== Segment start ==
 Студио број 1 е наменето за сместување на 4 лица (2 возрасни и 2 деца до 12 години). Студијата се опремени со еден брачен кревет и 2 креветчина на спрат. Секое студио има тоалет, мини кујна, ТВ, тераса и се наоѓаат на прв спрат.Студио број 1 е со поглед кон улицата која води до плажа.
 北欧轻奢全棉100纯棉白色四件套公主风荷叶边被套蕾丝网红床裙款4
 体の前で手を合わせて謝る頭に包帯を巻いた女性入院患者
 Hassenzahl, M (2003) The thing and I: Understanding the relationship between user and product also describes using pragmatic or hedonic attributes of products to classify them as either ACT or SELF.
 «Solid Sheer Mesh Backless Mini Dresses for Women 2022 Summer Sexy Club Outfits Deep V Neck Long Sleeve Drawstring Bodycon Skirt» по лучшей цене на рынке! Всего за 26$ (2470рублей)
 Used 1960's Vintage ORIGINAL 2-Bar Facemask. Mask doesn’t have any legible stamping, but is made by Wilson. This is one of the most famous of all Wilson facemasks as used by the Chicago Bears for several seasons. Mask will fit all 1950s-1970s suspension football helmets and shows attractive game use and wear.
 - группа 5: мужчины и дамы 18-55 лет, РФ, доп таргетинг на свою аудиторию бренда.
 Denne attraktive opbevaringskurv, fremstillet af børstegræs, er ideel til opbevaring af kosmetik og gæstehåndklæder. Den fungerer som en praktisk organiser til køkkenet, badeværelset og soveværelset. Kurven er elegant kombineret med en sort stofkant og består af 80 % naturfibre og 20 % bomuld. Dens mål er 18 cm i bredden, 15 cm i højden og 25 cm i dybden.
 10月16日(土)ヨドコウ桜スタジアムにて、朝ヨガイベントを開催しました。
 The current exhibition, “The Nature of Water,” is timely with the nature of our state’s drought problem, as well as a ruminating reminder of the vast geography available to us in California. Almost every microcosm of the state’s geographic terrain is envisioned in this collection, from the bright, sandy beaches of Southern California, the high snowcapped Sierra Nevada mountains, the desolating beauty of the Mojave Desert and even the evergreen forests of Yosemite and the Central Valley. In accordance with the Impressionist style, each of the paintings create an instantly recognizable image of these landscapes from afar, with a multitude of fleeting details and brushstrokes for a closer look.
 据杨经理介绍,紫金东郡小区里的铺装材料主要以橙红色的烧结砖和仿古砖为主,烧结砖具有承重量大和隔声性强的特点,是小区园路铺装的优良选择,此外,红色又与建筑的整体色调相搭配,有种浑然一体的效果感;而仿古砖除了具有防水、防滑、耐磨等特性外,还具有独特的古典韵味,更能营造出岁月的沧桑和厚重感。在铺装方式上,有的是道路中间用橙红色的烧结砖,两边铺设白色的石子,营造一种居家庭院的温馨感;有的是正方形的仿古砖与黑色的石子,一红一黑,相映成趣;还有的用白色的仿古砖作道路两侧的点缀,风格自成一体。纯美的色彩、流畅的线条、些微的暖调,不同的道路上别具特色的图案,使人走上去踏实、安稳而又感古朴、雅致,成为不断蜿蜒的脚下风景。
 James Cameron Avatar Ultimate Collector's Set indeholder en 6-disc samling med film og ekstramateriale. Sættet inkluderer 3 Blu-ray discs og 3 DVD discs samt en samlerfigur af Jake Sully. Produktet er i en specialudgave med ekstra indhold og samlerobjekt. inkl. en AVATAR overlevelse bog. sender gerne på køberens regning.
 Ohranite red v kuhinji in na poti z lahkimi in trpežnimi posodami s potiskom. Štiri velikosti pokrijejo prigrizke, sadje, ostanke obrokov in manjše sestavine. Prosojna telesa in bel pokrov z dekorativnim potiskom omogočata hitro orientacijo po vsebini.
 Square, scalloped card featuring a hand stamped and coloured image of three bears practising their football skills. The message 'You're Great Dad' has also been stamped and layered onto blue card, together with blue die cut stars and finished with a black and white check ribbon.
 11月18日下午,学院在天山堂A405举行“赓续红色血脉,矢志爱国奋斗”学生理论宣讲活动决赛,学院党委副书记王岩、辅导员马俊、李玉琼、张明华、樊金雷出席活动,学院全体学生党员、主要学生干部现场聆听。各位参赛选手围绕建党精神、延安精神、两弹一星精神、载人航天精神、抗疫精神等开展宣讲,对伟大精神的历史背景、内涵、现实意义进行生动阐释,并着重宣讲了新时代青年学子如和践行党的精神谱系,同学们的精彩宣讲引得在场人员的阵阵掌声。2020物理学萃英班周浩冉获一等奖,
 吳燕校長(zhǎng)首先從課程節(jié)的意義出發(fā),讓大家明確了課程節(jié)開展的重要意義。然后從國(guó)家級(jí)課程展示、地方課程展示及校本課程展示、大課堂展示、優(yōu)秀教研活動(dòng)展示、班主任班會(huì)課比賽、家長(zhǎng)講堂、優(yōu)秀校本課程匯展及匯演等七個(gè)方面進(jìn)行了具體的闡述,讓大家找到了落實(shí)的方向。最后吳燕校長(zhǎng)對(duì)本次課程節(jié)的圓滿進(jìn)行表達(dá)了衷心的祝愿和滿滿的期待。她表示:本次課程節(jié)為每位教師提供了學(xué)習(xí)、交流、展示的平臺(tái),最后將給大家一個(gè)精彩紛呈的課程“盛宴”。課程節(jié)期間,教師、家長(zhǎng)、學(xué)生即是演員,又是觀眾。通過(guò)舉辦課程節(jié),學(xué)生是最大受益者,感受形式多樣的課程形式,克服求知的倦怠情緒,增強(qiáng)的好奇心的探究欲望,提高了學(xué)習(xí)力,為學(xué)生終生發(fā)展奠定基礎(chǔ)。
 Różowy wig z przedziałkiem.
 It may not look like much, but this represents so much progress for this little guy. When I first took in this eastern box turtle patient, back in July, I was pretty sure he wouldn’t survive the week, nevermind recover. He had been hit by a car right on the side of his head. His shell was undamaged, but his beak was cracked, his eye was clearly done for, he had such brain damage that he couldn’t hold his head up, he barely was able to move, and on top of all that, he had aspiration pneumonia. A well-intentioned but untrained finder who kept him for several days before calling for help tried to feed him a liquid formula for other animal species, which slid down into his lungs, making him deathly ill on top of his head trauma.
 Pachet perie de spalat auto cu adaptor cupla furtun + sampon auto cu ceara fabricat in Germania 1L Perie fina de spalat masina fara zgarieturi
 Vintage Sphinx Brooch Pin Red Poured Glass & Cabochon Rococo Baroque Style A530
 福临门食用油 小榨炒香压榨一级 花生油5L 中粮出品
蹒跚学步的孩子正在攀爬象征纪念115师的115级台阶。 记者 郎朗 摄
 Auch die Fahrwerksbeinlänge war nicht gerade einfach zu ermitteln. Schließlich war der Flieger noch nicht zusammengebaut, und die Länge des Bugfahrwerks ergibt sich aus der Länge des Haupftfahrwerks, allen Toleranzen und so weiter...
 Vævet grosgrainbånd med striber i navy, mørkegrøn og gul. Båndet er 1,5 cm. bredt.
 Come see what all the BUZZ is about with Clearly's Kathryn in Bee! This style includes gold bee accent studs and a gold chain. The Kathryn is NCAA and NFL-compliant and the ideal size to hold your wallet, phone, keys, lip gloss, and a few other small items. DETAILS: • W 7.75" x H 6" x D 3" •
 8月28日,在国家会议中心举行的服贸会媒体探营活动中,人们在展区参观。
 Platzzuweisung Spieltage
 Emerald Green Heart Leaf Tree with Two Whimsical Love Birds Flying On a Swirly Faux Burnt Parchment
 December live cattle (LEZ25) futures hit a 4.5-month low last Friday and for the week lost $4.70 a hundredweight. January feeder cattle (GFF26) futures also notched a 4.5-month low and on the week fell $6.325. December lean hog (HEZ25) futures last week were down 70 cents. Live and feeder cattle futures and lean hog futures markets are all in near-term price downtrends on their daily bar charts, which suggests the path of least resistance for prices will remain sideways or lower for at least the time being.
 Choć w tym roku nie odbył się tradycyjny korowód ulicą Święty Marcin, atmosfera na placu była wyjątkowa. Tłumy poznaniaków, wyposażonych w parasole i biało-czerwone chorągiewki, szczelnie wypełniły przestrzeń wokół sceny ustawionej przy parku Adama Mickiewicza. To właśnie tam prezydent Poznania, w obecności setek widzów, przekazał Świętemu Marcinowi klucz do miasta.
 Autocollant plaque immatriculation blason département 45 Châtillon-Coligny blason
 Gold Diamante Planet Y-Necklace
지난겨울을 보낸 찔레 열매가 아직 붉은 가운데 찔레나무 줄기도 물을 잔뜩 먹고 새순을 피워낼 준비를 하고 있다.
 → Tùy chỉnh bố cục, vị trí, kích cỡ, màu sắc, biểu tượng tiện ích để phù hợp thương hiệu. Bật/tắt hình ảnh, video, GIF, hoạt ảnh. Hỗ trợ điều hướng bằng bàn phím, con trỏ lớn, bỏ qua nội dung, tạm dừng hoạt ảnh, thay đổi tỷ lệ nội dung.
== Segment end ==
* Activity
Start at the line containing "Autocollant plaque immatriculation" and print each line exactly until the listing ends, keeping the final line too.

* Result
 Autocollant plaque immatriculation blason département 45 Châtillon-Coligny blason
 Gold Diamante Planet Y-Necklace
지난겨울을 보낸 찔레 열매가 아직 붉은 가운데 찔레나무 줄기도 물을 잔뜩 먹고 새순을 피워낼 준비를 하고 있다.
 → Tùy chỉnh bố cục, vị trí, kích cỡ, màu sắc, biểu tượng tiện ích để phù hợp thương hiệu. Bật/tắt hình ảnh, video, GIF, hoạt ảnh. Hỗ trợ điều hướng bằng bàn phím, con trỏ lớn, bỏ qua nội dung, tạm dừng hoạt ảnh, thay đổi tỷ lệ nội dung.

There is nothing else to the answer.